======== Stored data ========
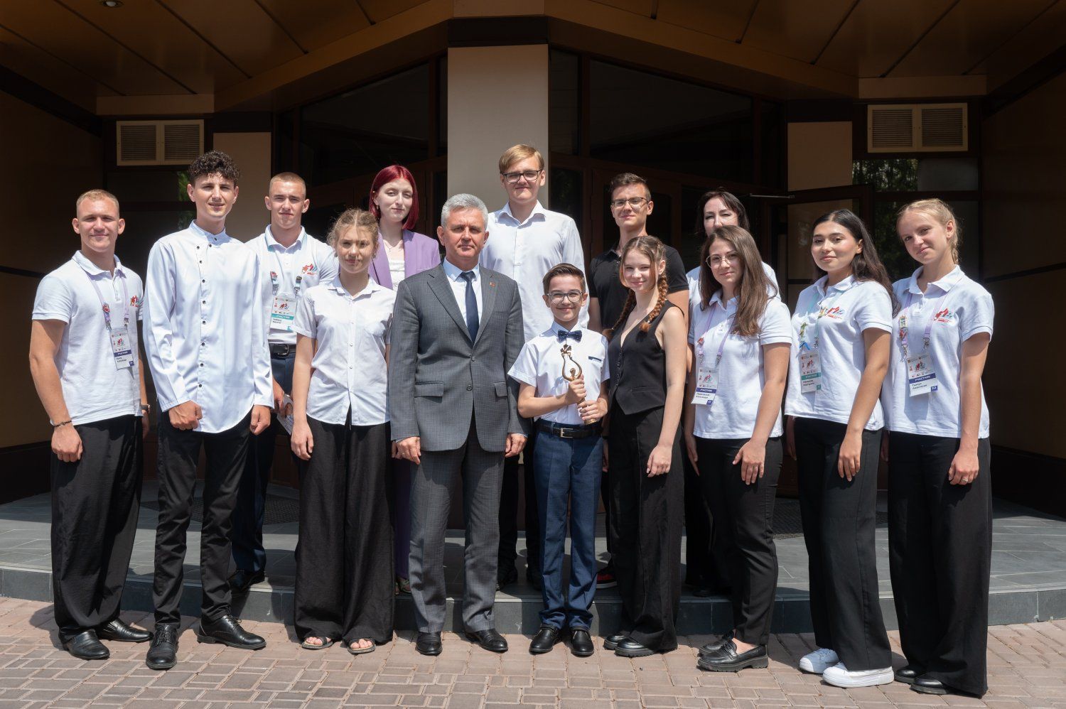 The second group of the President's interlocutors are the participants of the III International Children's Film Festival "Khrustalny Istochnik", which took place in Yessentuki. The film crew from Pridnestrovie included residents of Tiraspol Chuprina Anastasia (director, screenwriter, cameraman), Bragnebun Varvara, Bogdan Morar, Elena Rotaru, Dmitry Brynzar. Their script passed the selection stage. Filming took place directly in Yessentuki. The equipment included a phone video camera. The "Acquaintance with a Dream" film was awarded a special prize from the festival president.
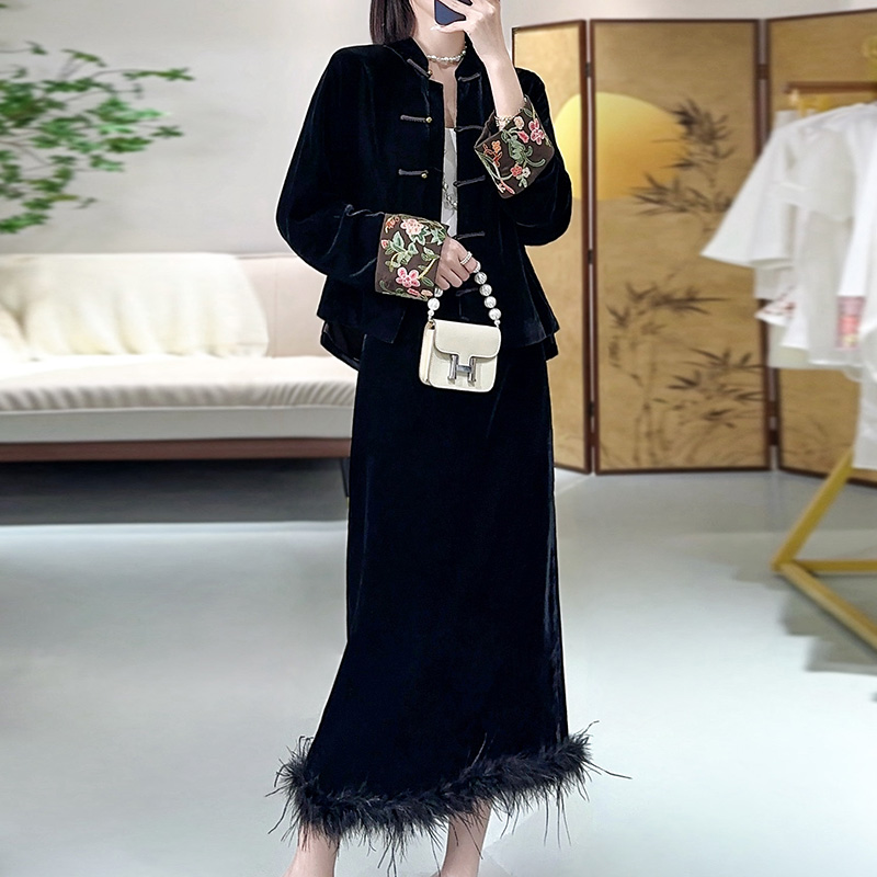 美伦两件套2025新中式唐装刺绣真丝绒百搭外套鱼尾半身裙长裙套装
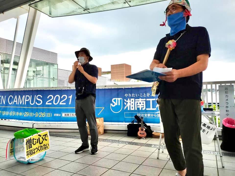 6月23日に引き続き、オリンピック中止、朝鮮戦争の終結、辺野古基地建設中止を求めて鶴見駅前で行動しました。
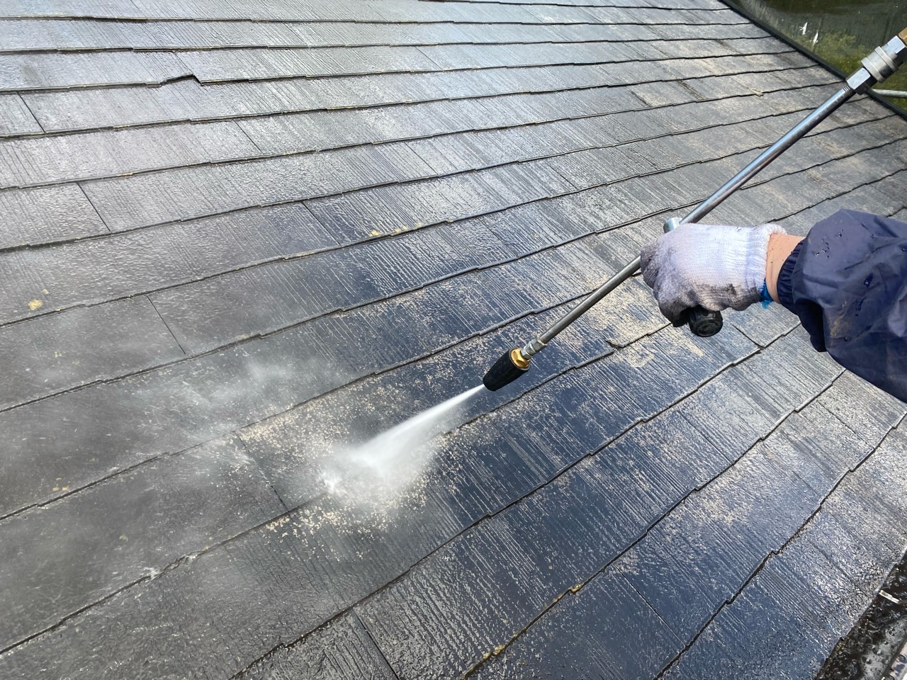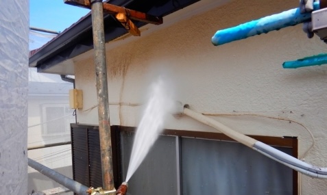 外壁・屋根塗装をする前に汚れを落とすための洗浄をします。
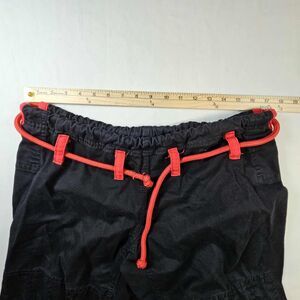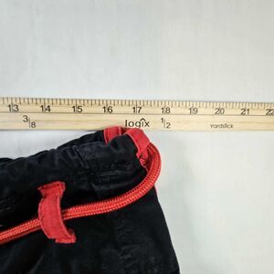 These Elite pants feature a unique design with a bold red rope-style drawstring and belt loops against a black cotton fabric. They have an elastic waist, reinforced panel stitching, and a cropped leg fit, giving them a versatile streetwear or martial arts training look.
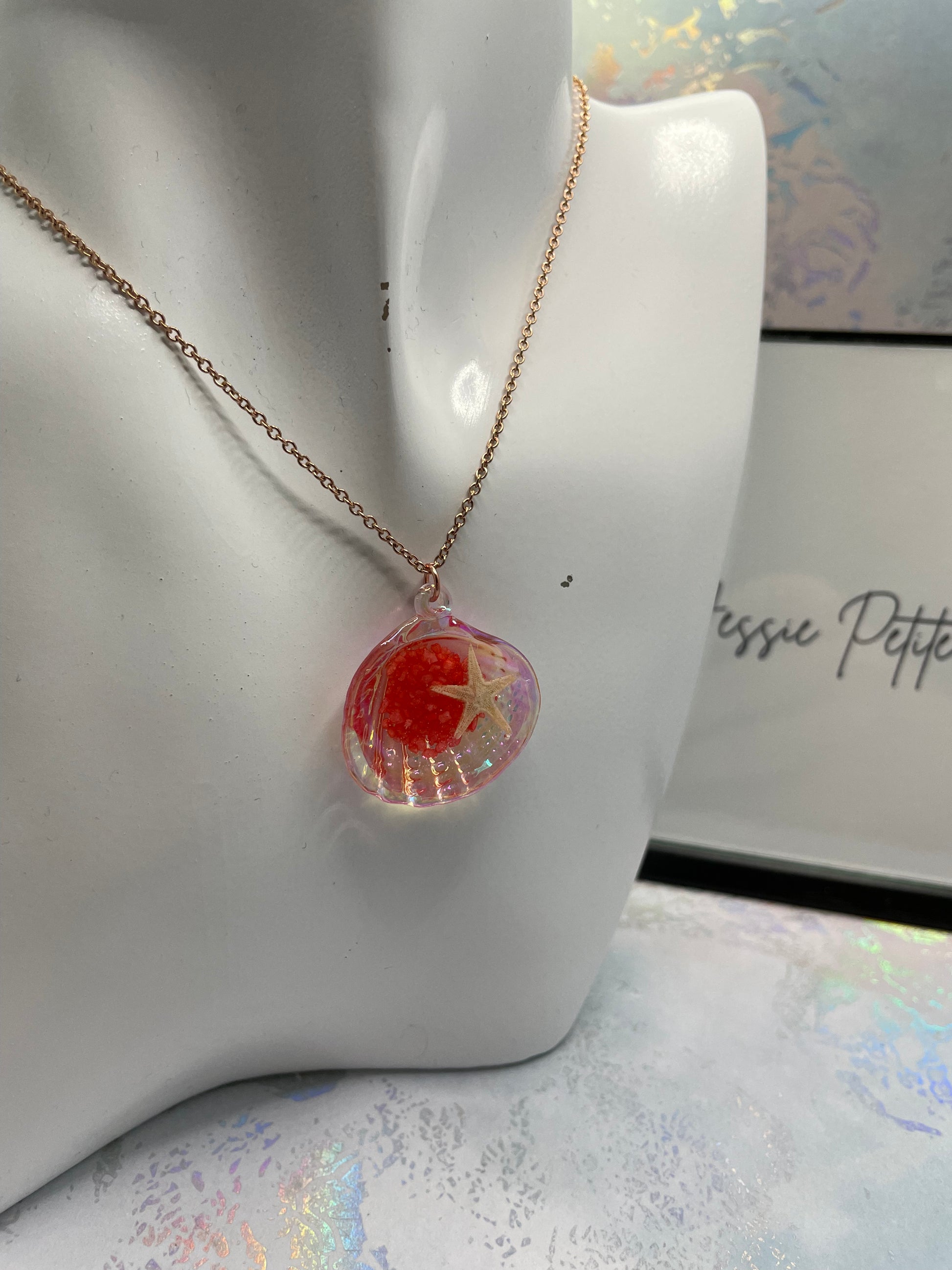 - Couleur : La belle chaîne en or rose complète les tons naturels de la coque en acrylique, avec une étoile de mer délicate et de riches teintes de sable rouge.
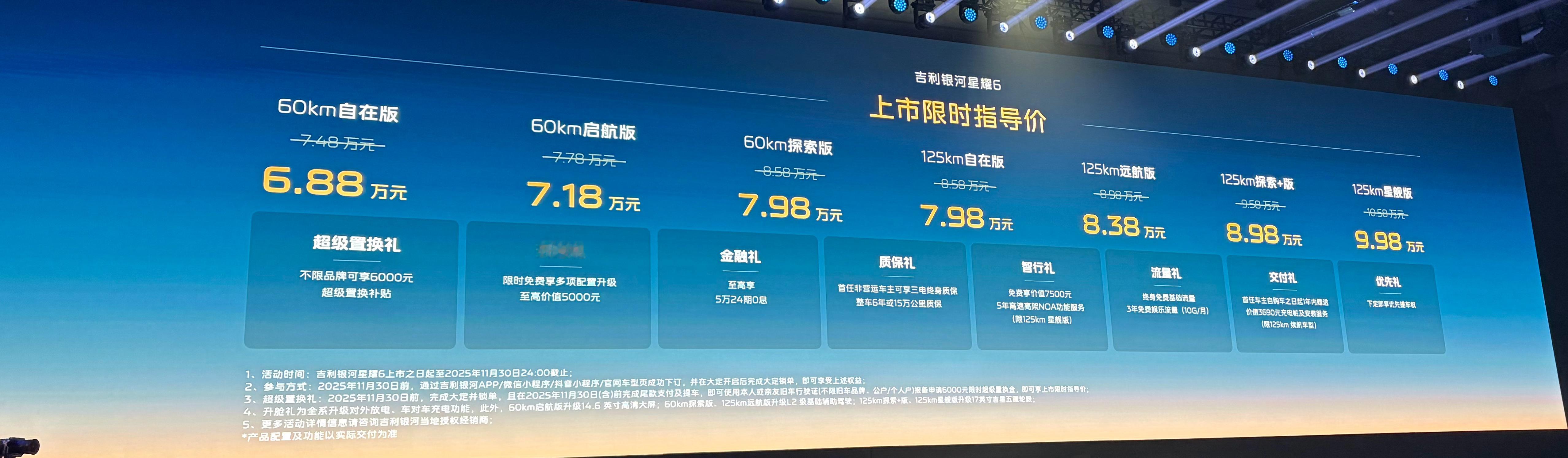 还有多重上市福利!兄弟们,6打头啦!很实在,可以冲了!吉利银河星耀6 全球上市!新一代国民电混家轿
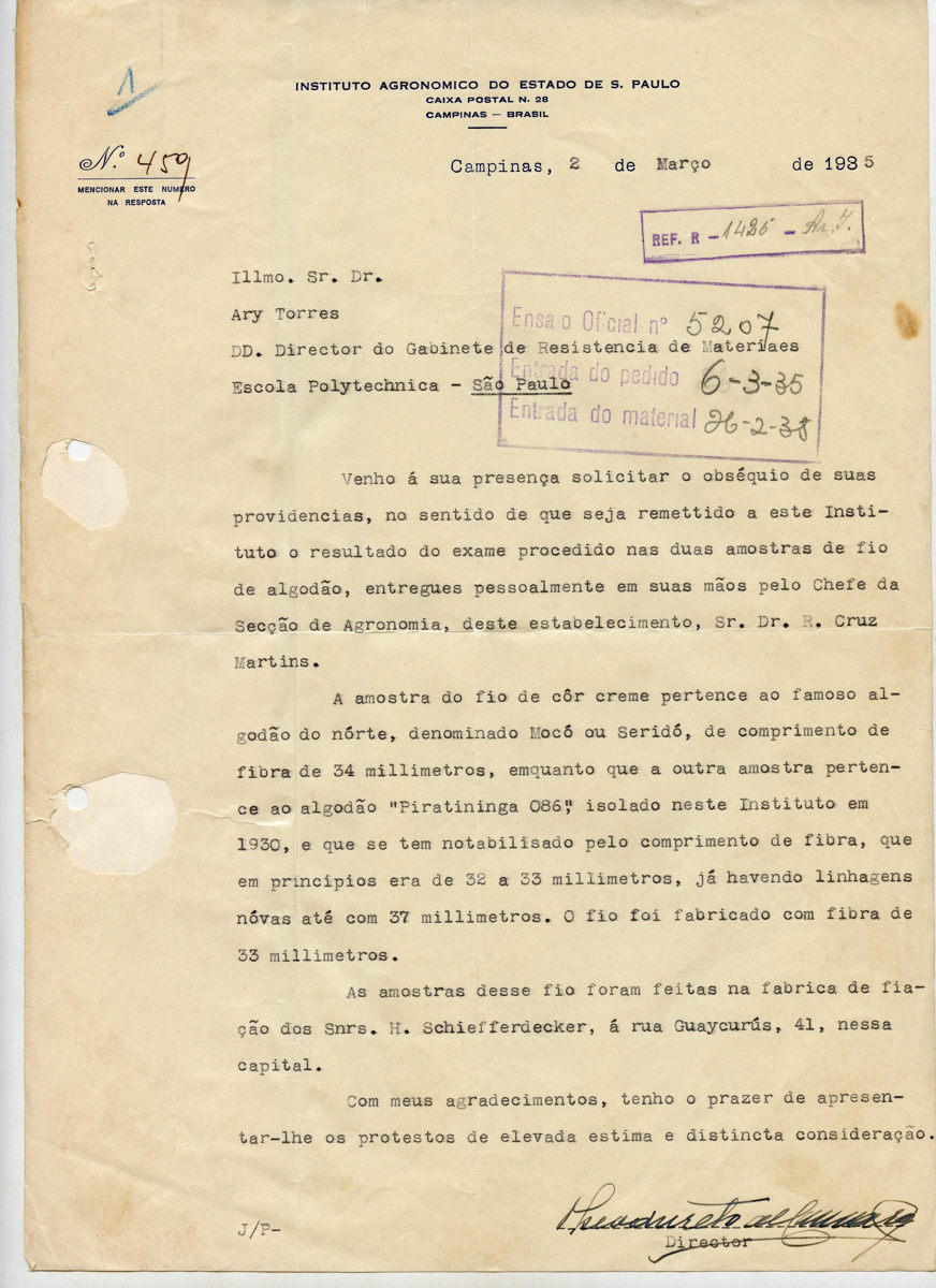 Envio de J. E. Rombouts, botânico da Secção de Solos do Instituto Agronômico do Estado de São Paulo, de alguns pedaços de madeira que o Snr. Dr. J. Aranha Pereira, do Laboratório de Ensaio de Materiais da Escola Politécnica, se promtificou a identificar
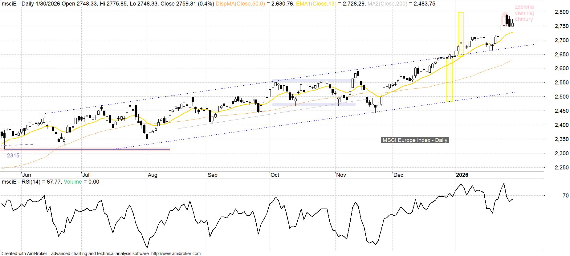 Skupiający 15 europejskich rynków rozwiniętych indeks MSCI Europe w pierwszej połowie minionego tygodnia zrealizował potencjał wzrostowy odpowiadający szerokości opuszczonego kanału z drugiego półrocza (ok. 2 800 pkt), co zbiegło się z utworzeniem potencjalnej świecowej formacji odwrócenia w postaci zasłony ciemnej chmury. Choć jest to układ zdecydowanie sprzyjający korekcie, wspomniana niedźwiedzia formacja do końca tygodnia jeszcze nie została potwierdzona spadkiem poniżej jej dolnej krawędzi (2 746 pkt).
========
Exercise aim -
Reproduce exactly and only the lines from the one with "还有多重上市福利!兄弟们,6" through the last entry, both included, excluding every picture.

Response box -
 还有多重上市福利!兄弟们,6打头啦!很实在,可以冲了!吉利银河星耀6 全球上市!新一代国民电混家轿
 Envio de J. E. Rombouts, botânico da Secção de Solos do Instituto Agronômico do Estado de São Paulo, de alguns pedaços de madeira que o Snr. Dr. J. Aranha Pereira, do Laboratório de Ensaio de Materiais da Escola Politécnica, se promtificou a identificar
 Skupiający 15 europejskich rynków rozwiniętych indeks MSCI Europe w pierwszej połowie minionego tygodnia zrealizował potencjał wzrostowy odpowiadający szerokości opuszczonego kanału z drugiego półrocza (ok. 2 800 pkt), co zbiegło się z utworzeniem potencjalnej świecowej formacji odwrócenia w postaci zasłony ciemnej chmury. Choć jest to układ zdecydowanie sprzyjający korekcie, wspomniana niedźwiedzia formacja do końca tygodnia jeszcze nie została potwierdzona spadkiem poniżej jej dolnej krawędzi (2 746 pkt).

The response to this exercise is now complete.